A Look at the 5 C’s of credit
Ever wondered how lenders go about determining whether a person should be extended credit or not? Well, it all boils down to creditworthiness and lenders make use of the 5 C’s of credit to weigh the characteristics or rather determine how viable a given borrower is to be given credit. That said, an understanding of the 5 C’s of credit gives you a clear picture of how you will be evaluated and better still help you understand what you need to work on to improve your future chances of being advanced credit.
It is imperative to note that this particular form of borrower evaluation is all inclusive and incorporates both quantitative and qualitative measures. These entail lenders looking at income statements, credit reports, credit score as well as any other relevant borrower financial information instrumental in making an informed decision.
Loosely referred to as a credit history, your character is all about your reputation and track record in paying off your debts. Do you repay your debts in time? How trustworthy are you when extended credit? Your credit history gives your lender with sufficient information on your behaviour as a person in relation to your track record in repaying your debt. The better your credit history, the higher your chances of approval for credit.
Capacity in essence determines or rather measures the capability of a borrower to repay a loan. It is basically an assessment of a borrower’s income to debt ratio. In other words, the creditor makes an assessment of your income in comparison to your recurring debt. How stable is your current job? How long have you been in your current job? All these information is essential in determining a borrower’s capacity or rather ability to repay the loan.
When lenders assess your capital, they are basically assessing your net worth (Assets less liabilities). In other words, the lender assess your net assets less your net liabilities to determine how credit worthy you are.
Collateral is security of the borrower and refers to an asset that the lender has a right to repossess should the borrower be unable to repay the loan. It actually gives the lender confidence that in the unlikely event that a borrower can’t repay a loan, then their money is safe. Borrowers with collateral have a high chance of approval for a loan compared to borrowers without collateral.

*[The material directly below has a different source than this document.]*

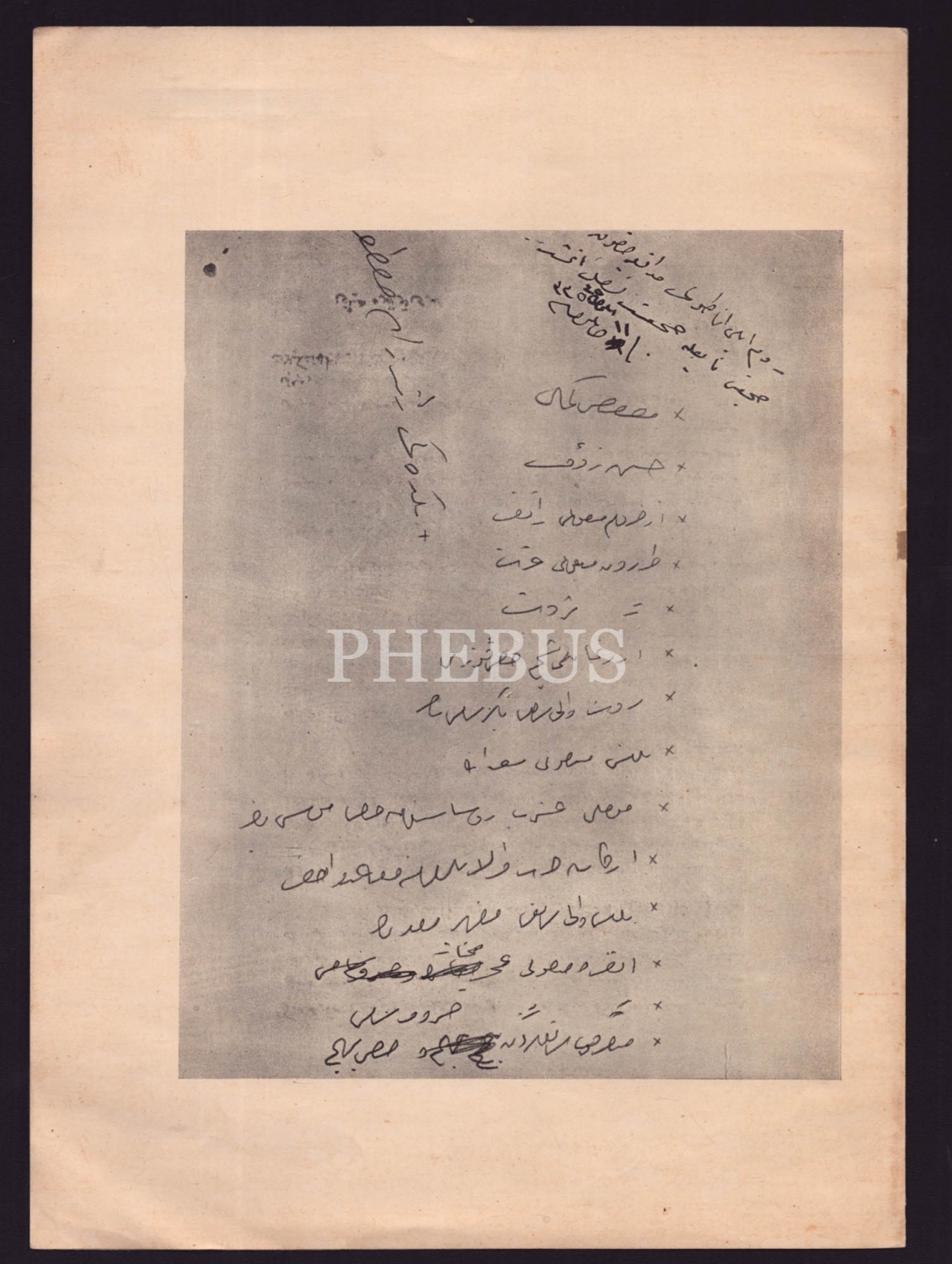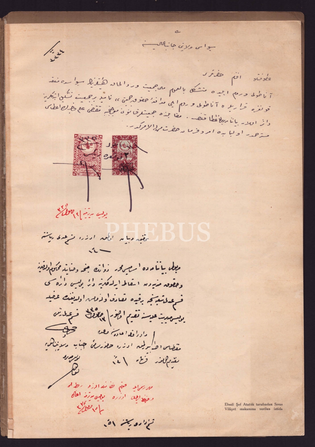 Mustafa Kemal Atatürk´ün, Anadolu ve Rumeli Müdafaa-i Hukuk Cemiyeti´ni kurarken Sivas Vilayet Makamına vermiş olduğu dilekçe ve beyannamenin, Sivas Kongresi´nin 20. yıl dönümüne özel olarak hazırlanan tıpkıbasım suretleri, Hasan Âli Yücel´in ıslak imzalı daktilo mektubuyla, 4 yaprak + mektup, 25x35 cm...
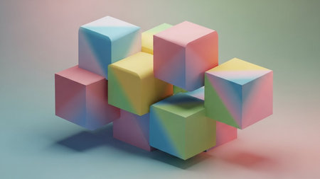 Soft pastel colored geometric cubes floating in a gentle arrangement against a gradient background.

Conditions simply refer to any circumstances that might in one way or the other impact the borrower’s ability to repay the loan. Lenders look at the prevailing economy, the viability of a borrowers business, the risks therein just to mention but a few.
To sum it up, while the above 5 C’s of credit form the bulk of the credit decisions lenders make, it is not uncommon for lenders to develop their own loan decisions. Being aware of what lenders look for make it simple for a person to put their house in order and improve their chances of getting access to credit when they eventually apply.